[Start of Attachment]

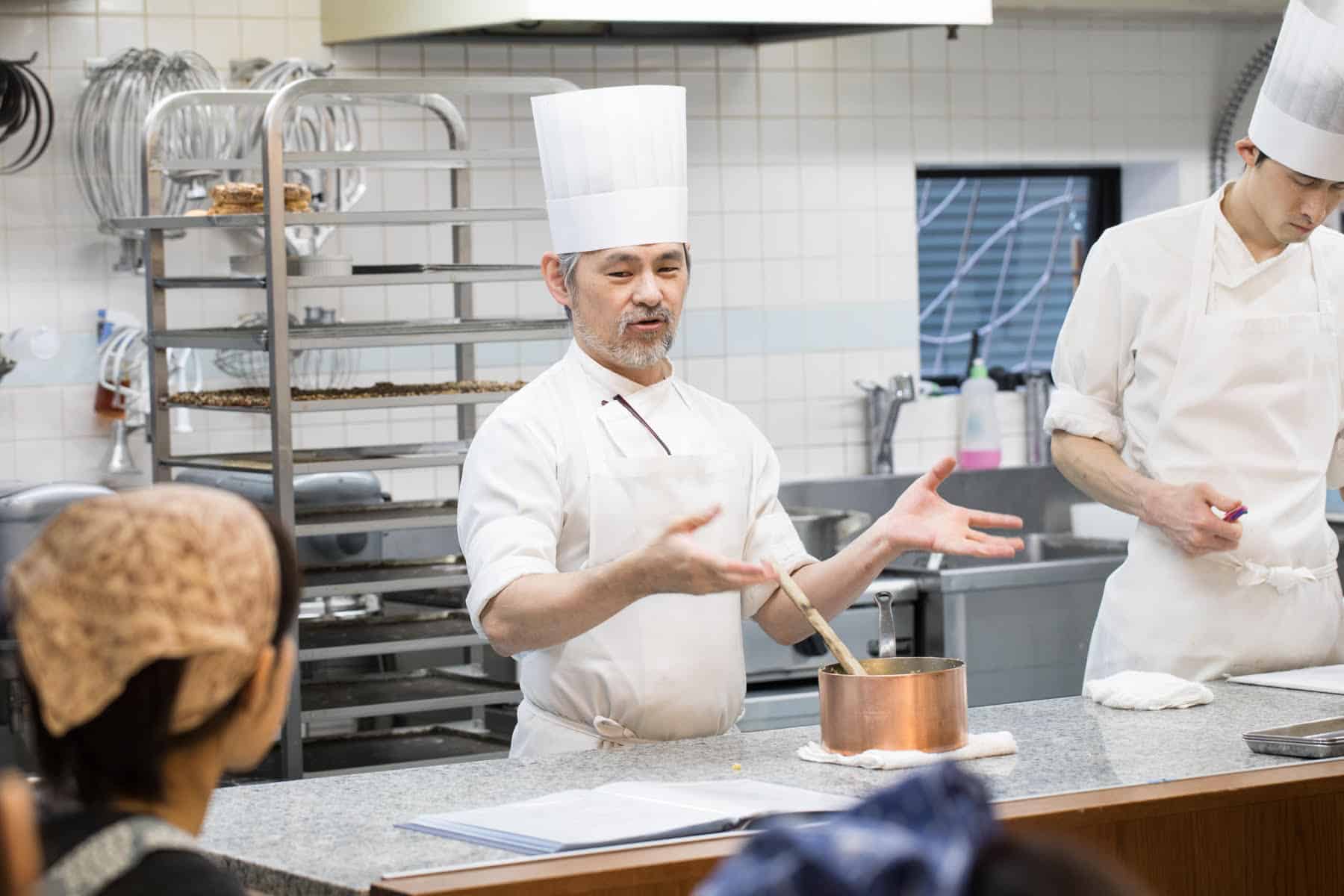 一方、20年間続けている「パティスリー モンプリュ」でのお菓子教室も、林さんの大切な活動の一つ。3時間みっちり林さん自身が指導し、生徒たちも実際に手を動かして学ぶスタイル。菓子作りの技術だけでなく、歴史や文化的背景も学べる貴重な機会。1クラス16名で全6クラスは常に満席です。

[End of Attachment]
[Start of Attachment]

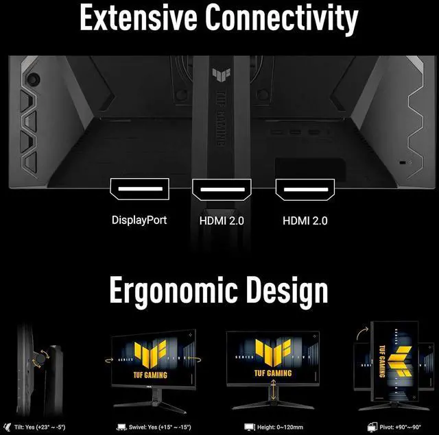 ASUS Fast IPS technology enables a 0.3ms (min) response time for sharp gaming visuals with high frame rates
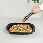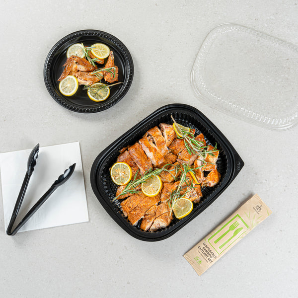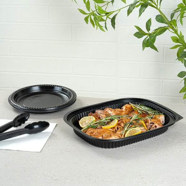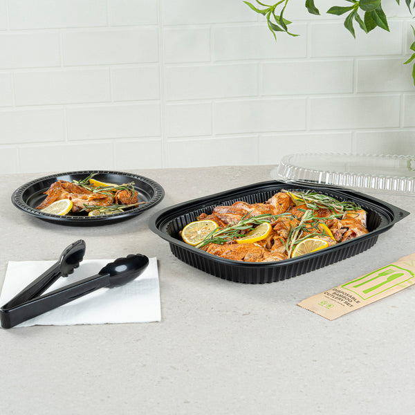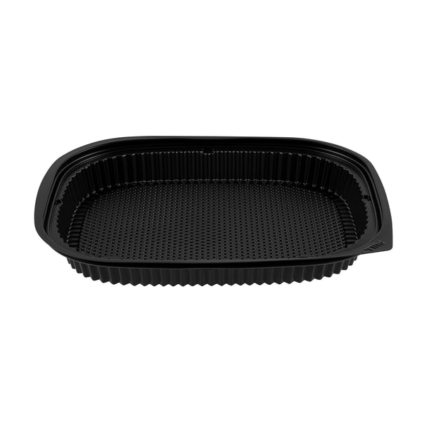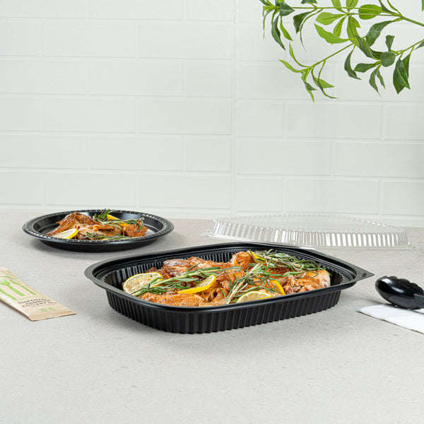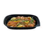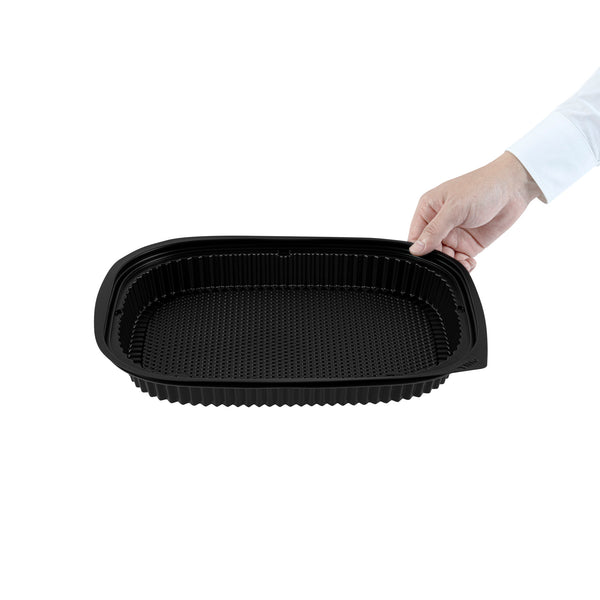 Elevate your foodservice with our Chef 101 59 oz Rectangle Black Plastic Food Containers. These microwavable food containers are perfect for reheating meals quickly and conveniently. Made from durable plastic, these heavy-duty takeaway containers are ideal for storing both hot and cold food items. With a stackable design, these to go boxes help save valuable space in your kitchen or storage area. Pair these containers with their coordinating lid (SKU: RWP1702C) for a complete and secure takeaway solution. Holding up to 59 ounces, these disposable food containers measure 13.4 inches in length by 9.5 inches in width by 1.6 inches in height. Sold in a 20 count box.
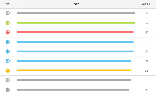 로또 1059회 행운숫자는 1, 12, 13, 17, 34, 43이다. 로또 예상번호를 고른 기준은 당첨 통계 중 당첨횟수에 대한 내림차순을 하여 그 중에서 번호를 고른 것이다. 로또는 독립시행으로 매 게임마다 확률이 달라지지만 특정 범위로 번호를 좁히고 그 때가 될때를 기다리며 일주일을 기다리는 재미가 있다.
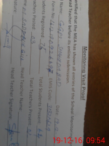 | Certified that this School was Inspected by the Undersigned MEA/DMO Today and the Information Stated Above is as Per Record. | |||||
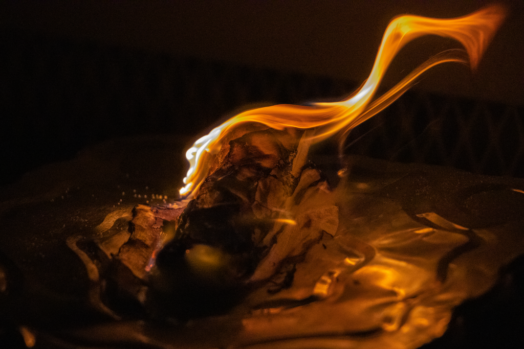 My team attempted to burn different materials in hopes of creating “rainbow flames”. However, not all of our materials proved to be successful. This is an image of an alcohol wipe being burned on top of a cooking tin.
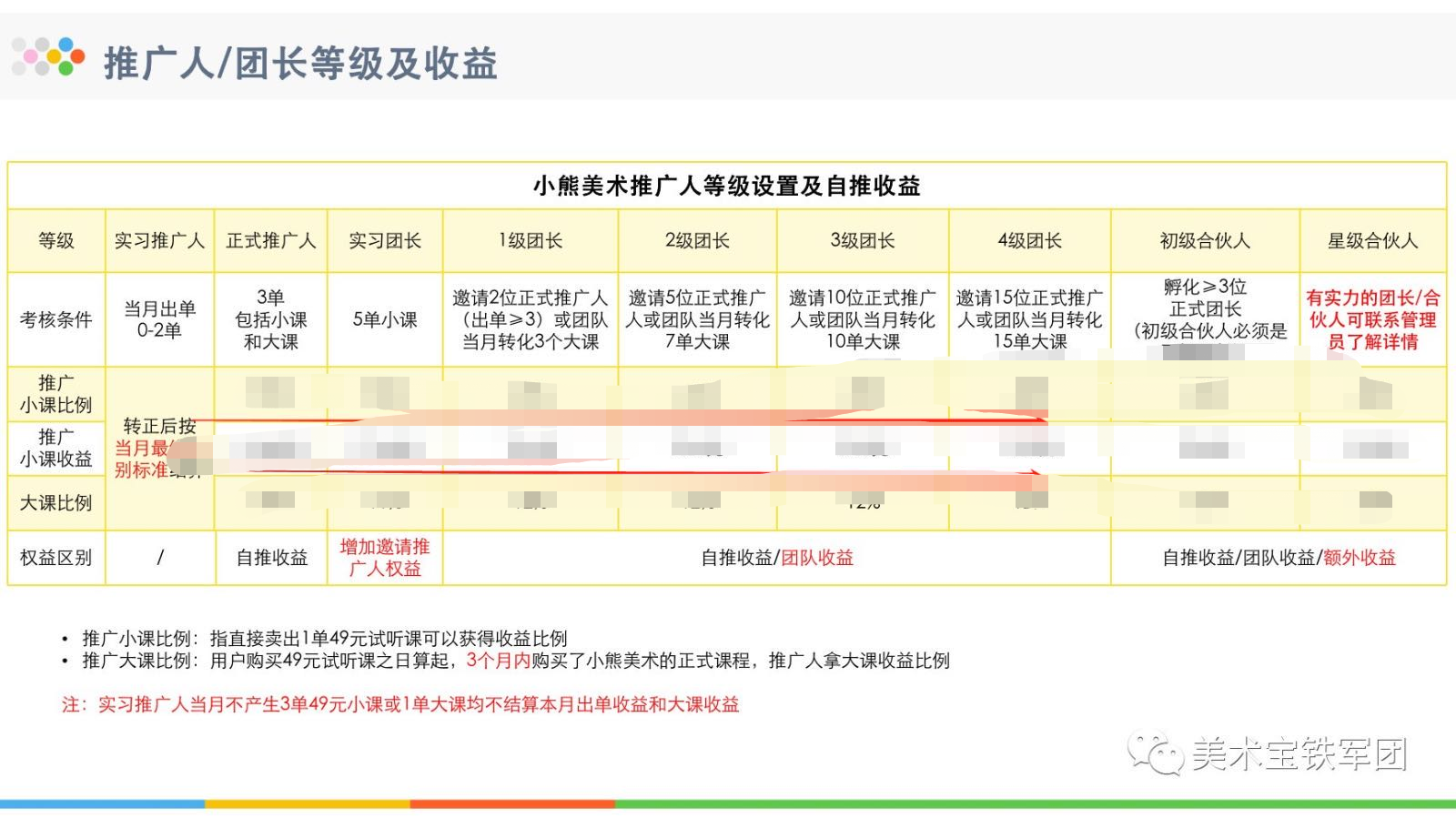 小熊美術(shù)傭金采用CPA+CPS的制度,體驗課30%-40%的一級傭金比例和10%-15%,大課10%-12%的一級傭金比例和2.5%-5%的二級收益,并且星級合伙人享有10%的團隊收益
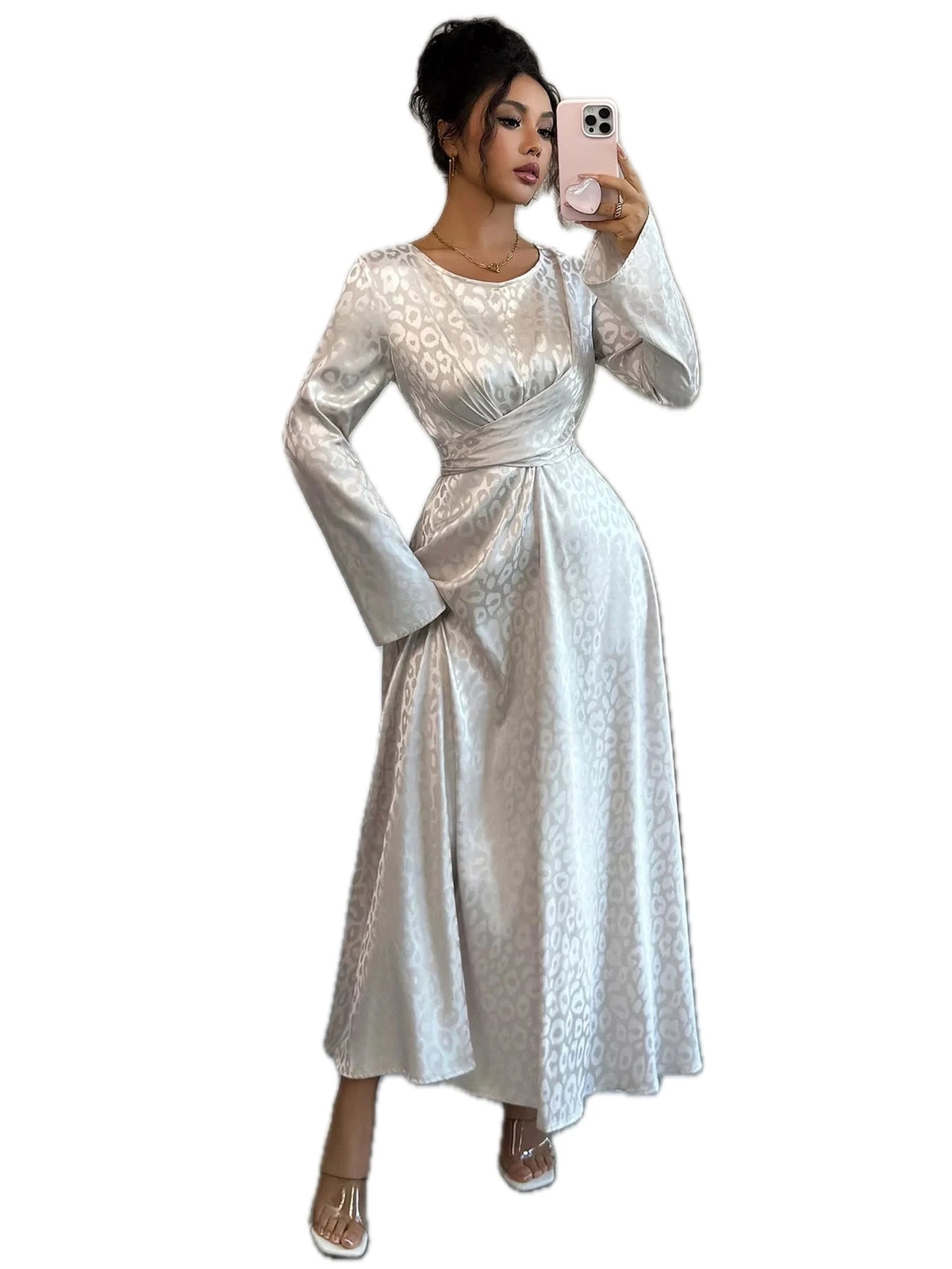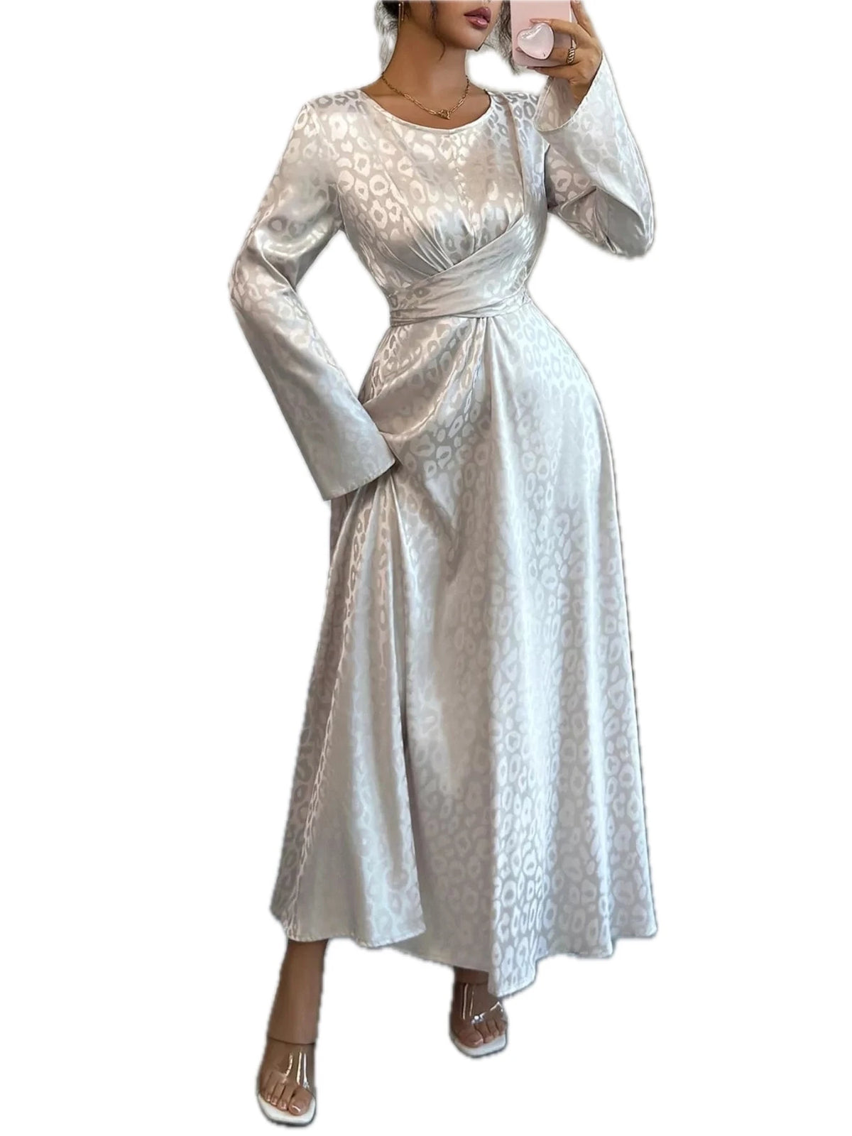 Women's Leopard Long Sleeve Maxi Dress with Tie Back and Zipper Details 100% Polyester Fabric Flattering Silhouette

[End of Attachment]

* **ACTION ITEM**:
What lines above run from the one with "로또 1059회 행운숫자는" to the one with "Women's Leopard Long"? Give them again exactly, ends included, and leave the pictures out.

* **ANSWER SECTION**:
 로또 1059회 행운숫자는 1, 12, 13, 17, 34, 43이다. 로또 예상번호를 고른 기준은 당첨 통계 중 당첨횟수에 대한 내림차순을 하여 그 중에서 번호를 고른 것이다. 로또는 독립시행으로 매 게임마다 확률이 달라지지만 특정 범위로 번호를 좁히고 그 때가 될때를 기다리며 일주일을 기다리는 재미가 있다.
 | Certified that this School was Inspected by the Undersigned MEA/DMO Today and the Information Stated Above is as Per Record. | |||||
 My team attempted to burn different materials in hopes of creating “rainbow flames”. However, not all of our materials proved to be successful. This is an image of an alcohol wipe being burned on top of a cooking tin.
 小熊美術(shù)傭金采用CPA+CPS的制度,體驗課30%-40%的一級傭金比例和10%-15%,大課10%-12%的一級傭金比例和2.5%-5%的二級收益,并且星級合伙人享有10%的團隊收益
 Women's Leopard Long Sleeve Maxi Dress with Tie Back and Zipper Details 100% Polyester Fabric Flattering Silhouette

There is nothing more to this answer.